[211] The interpretation of this passage has given rise to much discussion among the commentators and translators; I may refer the reader to the remarks of Poinsinet, i. 70, 71; of Alexandre in Lemaire, ii. 266; and of Marcus in Ajasson, ii. 328. I conceive the meaning of the author to be, that while the other planets become stationary, when at 120 degrees from the sun, Mars becomes so at 90 degrees, being detained by the rays, which act upon him more powerfully, in consequence of his being nearer to their source.
[212] I may refer to the remarks of Marcus on the respective distances from the sun at which Venus and Mercury become stationary, and when they attain their greatest elongations; Ajasson, ii. 328, 329. According to Ptolemy, Magn. Constr. lib. viii. cap. 7, the evening setting of Venus is at 5° 40′ from the sun, and that of Mercury at 11° 30′.
[213] “Ἁψὶς, ligneus rotæ circulus, ab ἅπτω necto;” Hederic in loco. The term is employed in a somewhat different sense by the modern astronomers, to signify the point in the orbit of a planet, when it is either at the greatest or the least distance from the earth, or the body about which it revolves; the former being termed the apogee, aphelion, or the higher apsis; the latter the perigee, perhelion, or lower apsis; Jennings on the Globes, pp. 64, 65.
[214] “mundo.”
[215] “ratione circini semper indubitata.”
[216] In consequence of the precession of the equinoxes these points are continually advancing from W. to E., and are now about 30 degrees from the situation they were in when the observations were first made by the modern astronomers.
[217] Our author here probably refers to the motions of the planets through their epicycles or secondary circles, the centres of which were supposed to be in the peripheries of the primary circles.
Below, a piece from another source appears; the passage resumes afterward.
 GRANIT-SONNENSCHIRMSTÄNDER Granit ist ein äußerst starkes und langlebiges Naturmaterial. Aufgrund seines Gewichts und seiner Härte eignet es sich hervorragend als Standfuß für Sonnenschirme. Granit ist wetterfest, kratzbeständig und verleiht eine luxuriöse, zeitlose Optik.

See Alexandre in Lemaire, ii. 270.
[218] It is to this visible appearance of convexity in the heavens that Ovid refers in the story of Phaëton, where he is describing the daily path of the sun; Metam. ii. 63-67.
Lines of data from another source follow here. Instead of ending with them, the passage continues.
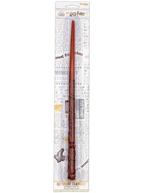 Hermine Granger zeichnet sich durch ihre unglaubliche Intelligenz und ihren perfektionistischen Charakter aus. Abgesehen davon, dass Hermine die erste ihrer Klasse ist und fast in Ravenclaw eingetreten ist, beweist sie ihre Intelligenz bei vielen Gelegenheiten in der bekannten Bücherreihe. Sie demonstriert es in Harry Potter und der Stein der Weisen, indem sie das Rätsel von Severus Snape mit kalter Logik aufdeckt oder in der Geheimen Kammer das Rätsel von Severus Snape entdeckt und vermutet, dass die Kreatur, die sich zwischen den Rohren versteckt hatte, ein Basilisk war. Und das sind nur einige ihrer großartigen Momente in der gesamten Saga. Wenn du dich in diese intelligente Zauberin verwandeln willst, kannst du mit diesem leuchtenden Hermine Granger Zauberstab made by Funidelia Zaubersprüche auf die vorzüglichste Art und Weise beschwören, wie Granger es in der gesamten Saga tut. Der Hermine Zauberstab, den du brauchst, um bei Gryffindor aufgenommen zu werden.
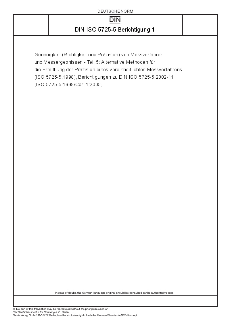 | Name: | Accuracy (trueness and precision) of measurement methods and results - Part 5: Alternative methods for the determination of the precision of a standard measurement method (ISO 5725-5:1998), Corrigenda to DIN ISO 5725-5:2002-11 (ISO 5725-5:1998/Cor. 1:2005) |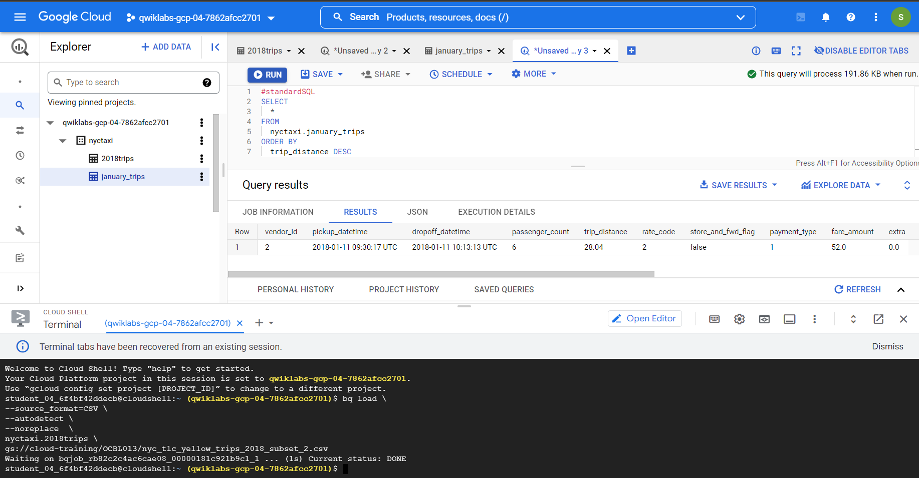 클라우드 쉘 환경에서도 빅쿼리를 접근하고, console에서도 접근 하는 것을 배웠다.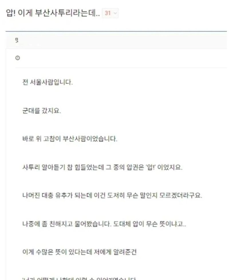 리와인드뉴스처음들으면 충격받는다는 부산사투리.jpg위키뉴스 기자입력북마크공유가글자크기프린트댓글 처음들으면 충격받는다는 부산사투리.jpg 압 이거 ㄹㅇ임? 현지특파원들 말좀... 위키뉴스 기자[email protected]카카오톡페이스북트위터밴드URL복사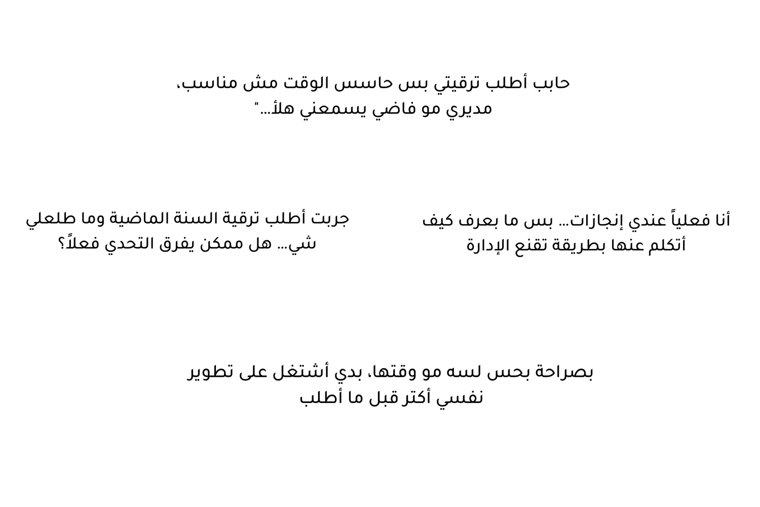 كنت أحتاج إلى طريقة عملية تجعلني أتكلم بثقة عن إنجازي، وأطلب حقي بأسلوب مهني راقٍ… دون أن أشعر أنني أُجامل أو أُطالب بشيء غريب

[219] “quam quod illi subjacet;” under this designation the author obviously meant to include the temperate zones, although it technically applies only to the part between the tropics. It is scarcely necessary to remark, that modern discoveries have shown that this opinion respecting the Arctic zone is not strictly correct.
[220] The breadth of the zodiac, which was limited by the ancients to 12 degrees, has been extended by the modern astronomers to 18, and would require to be much farther extended to include the newly discovered planet. Herschel’s Astronomy, § 254.